There is also the running internal commentary that every emergency driver learns. The car ahead is indicating right—will they go right, or have they forgotten the indicator is on? The pedestrian on the kerb is looking at their phone rather than the road. The driver in the wing mirror three cars back has just seen us—watch what they do next. The cyclist has space to move left, but might not. You are not just watching the road. You are watching every set of eyes on it, trying to predict what each person will do half a second before they do it. Most of the time, you are right. Occasionally, you are wrong, and the margin you have left yourself is the only thing that matters.

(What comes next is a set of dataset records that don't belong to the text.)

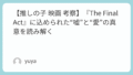 • 観客に感情の処理を委ねる構造が、深い考察を促す。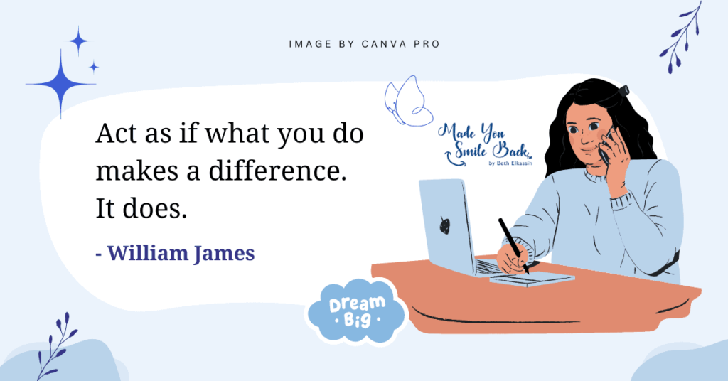 This quote by William James encourages you to believe in the power of your actions. It suggests that you should approach every task as if it will have a meaningful impact.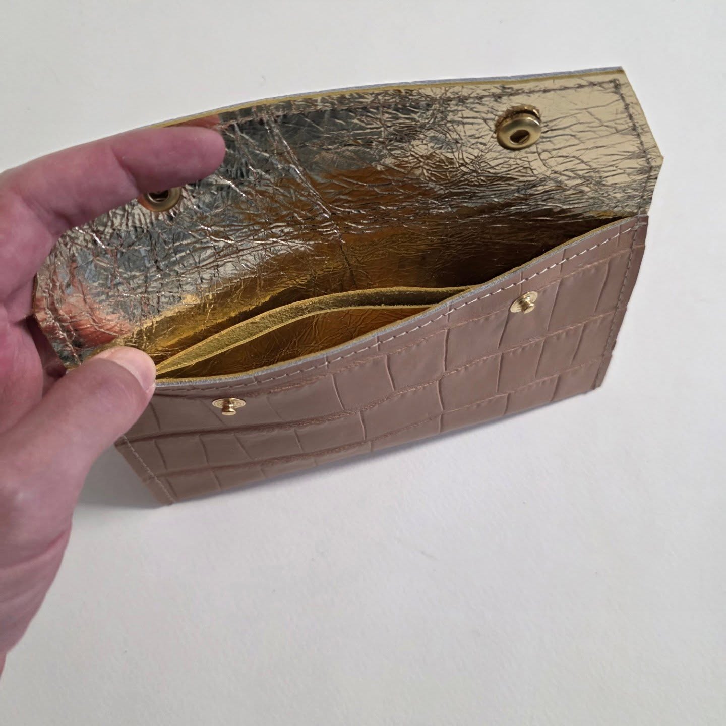 Zlatna kožna postava, tri pregrade.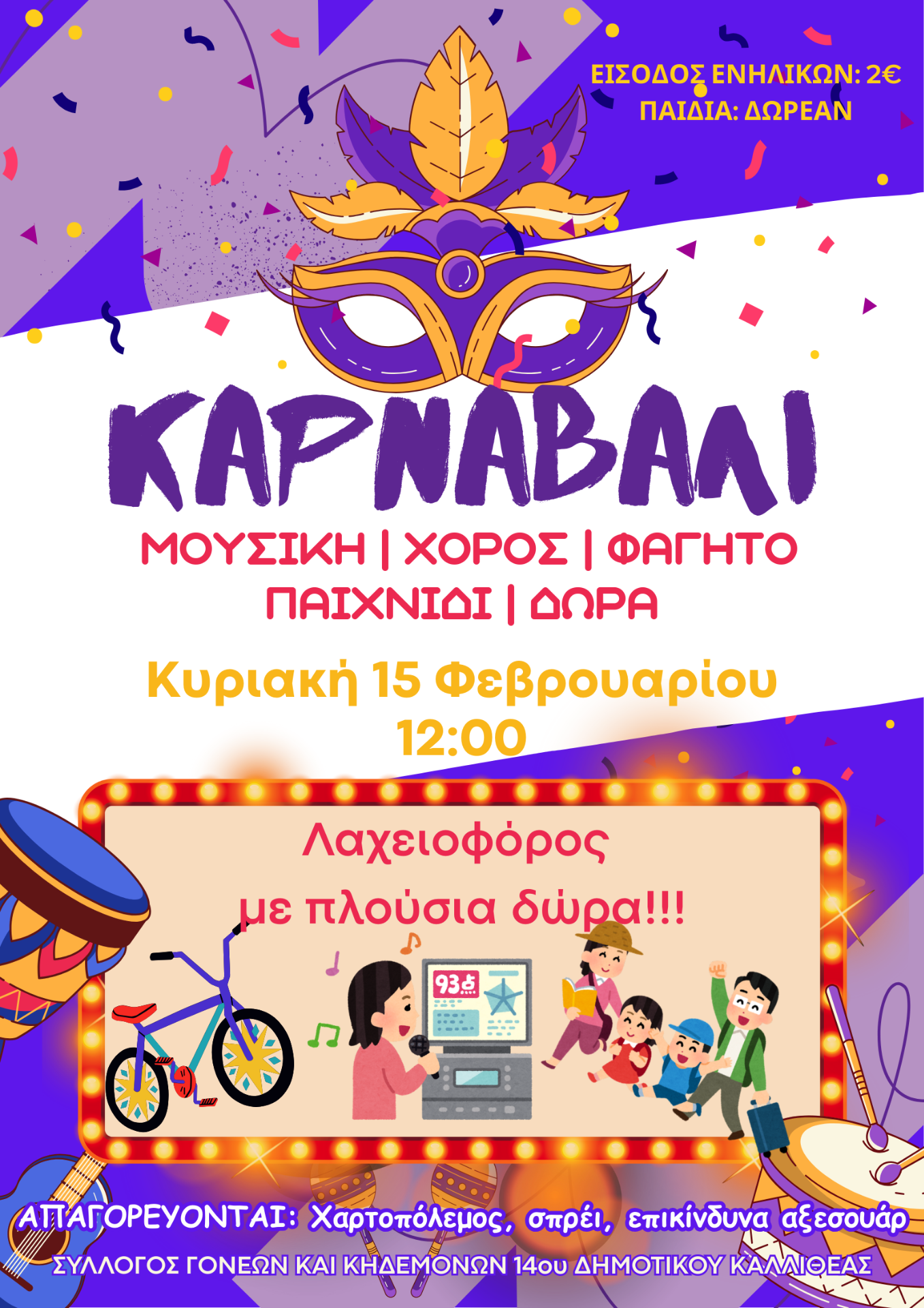 Ο Σύλλογος Γονέων και Κηδεμόνων σάς προσκαλεί στο αποκριάτικο πάρτι που διοργανώνει την Κυριακή 27/2/2022 ώρα 11:30 στο προαύλιο του σχολείου μας.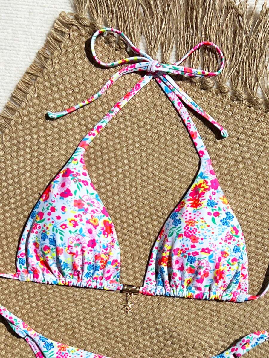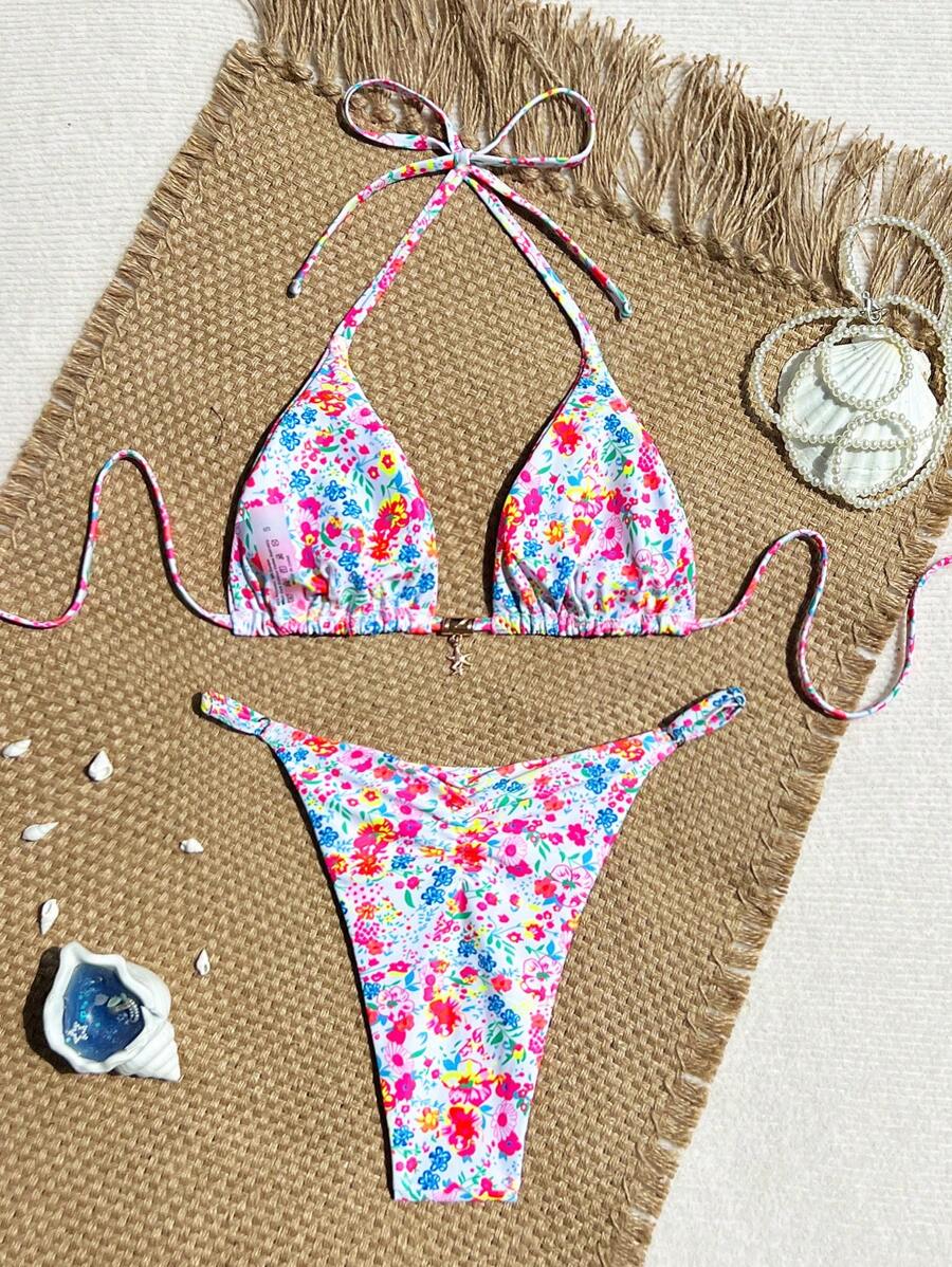 Conjunto de 2 piezas nuevo bikini de tajo alto con nudo lateral y estampado floral ditsy, traje de bano para vacaciones en la playa para mujeres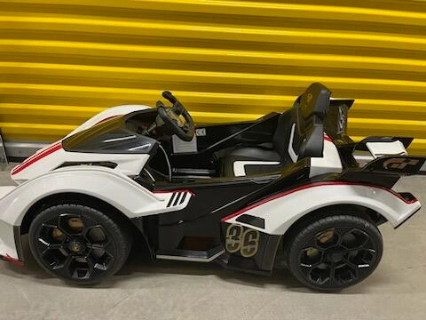 25Selling a Lamborghini ride-on car for kids! It's black and white and looks super cool. Has added reflective pinstripes to make the car more visible in low light conditions (can be removed). Has a parent remote which allows the car to be controlled like a giant R/C car. Wasnt used much, my toddler outgrew it. Perfect for your little one to cruise around in style. •Working Headlights and Tailights •RGB underlights •Radio/mp3 player. •Parent Remote ( allows the car to be controlled by handheld remote included) •Remote has kill switch to shut off car for safety •High/Low speed + Rocking mode
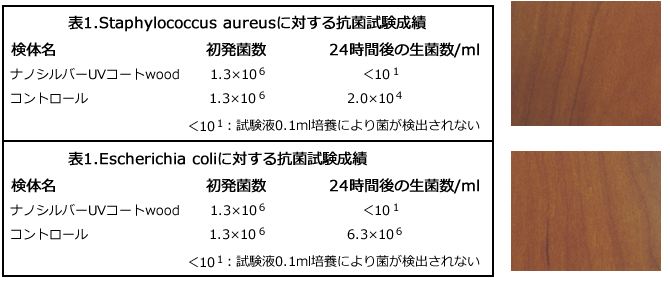 以下はそのナノシルバー水性UV塗料による抗菌確認試験結果

This is why emergency driving demands more than just technical skill. It requires observation, anticipation, and control under pressure – reading patterns, predicting behaviour, and planning several seconds ahead. Communication within the cab becomes part of that process, with both crew members watching, assessing, and guiding. Above all, it requires calm. Urgency without control helps no one.
For all the frustration that can come with the road, something else becomes clear over time. Most people are trying to help.
They do not know where we are going. They do not know the circumstances or the urgency behind the call. All they see is an ambulance approaching, and instinct tells them to make space. Sometimes they do it perfectly — a slight adjustment, an early signal, a steady movement to the side. The road opens just enough, and we pass through smoothly. No words exchanged, no acknowledgement given, but for that brief moment, there is cooperation between strangers working toward the same outcome.
Occasionally, there is a small gesture afterwards. A raised hand from a driver as you pass. A nod through a windscreen. A flash of headlights from somebody who pulled in tight against a hedgerow to let you through on a country road. You do not always have a free hand to acknowledge it back, and they probably do not expect you to. But it registers. It matters. Somewhere on the other side of that gesture is a person who chose to do the right thing for someone they will never meet, on behalf of someone else they will never meet either. That is a quietly remarkable thing, and it happens dozens of times on a single shift without anyone marking it.
Emergency response is often imagined as something carried out solely by those inside the vehicle. In reality, it is shared. Every driver who checks their mirrors, keeps their movements predictable, and creates space when they can, and every pedestrian who looks both ways when crossing the road and waits before crossing becomes part of that response. They help us reach someone faster, and just as importantly, they help us get there safely. The patient will never know their names at the end of the call. Neither will we. But they were part of how we got there.
Before any patient is seen, before any intervention begins, the journey has already demanded judgement, patience, and constant awareness. It is a part of the job rarely considered, yet it shapes every response.
Between the station and the patient lies a moving landscape of decisions, reactions, and intentions. Sometimes it slows us down. Sometimes it creates risk. But often, in small and almost unnoticed ways, it gives us exactly what we need.
A gap opens — the traffic shifts.
And for a moment, the road lets us through.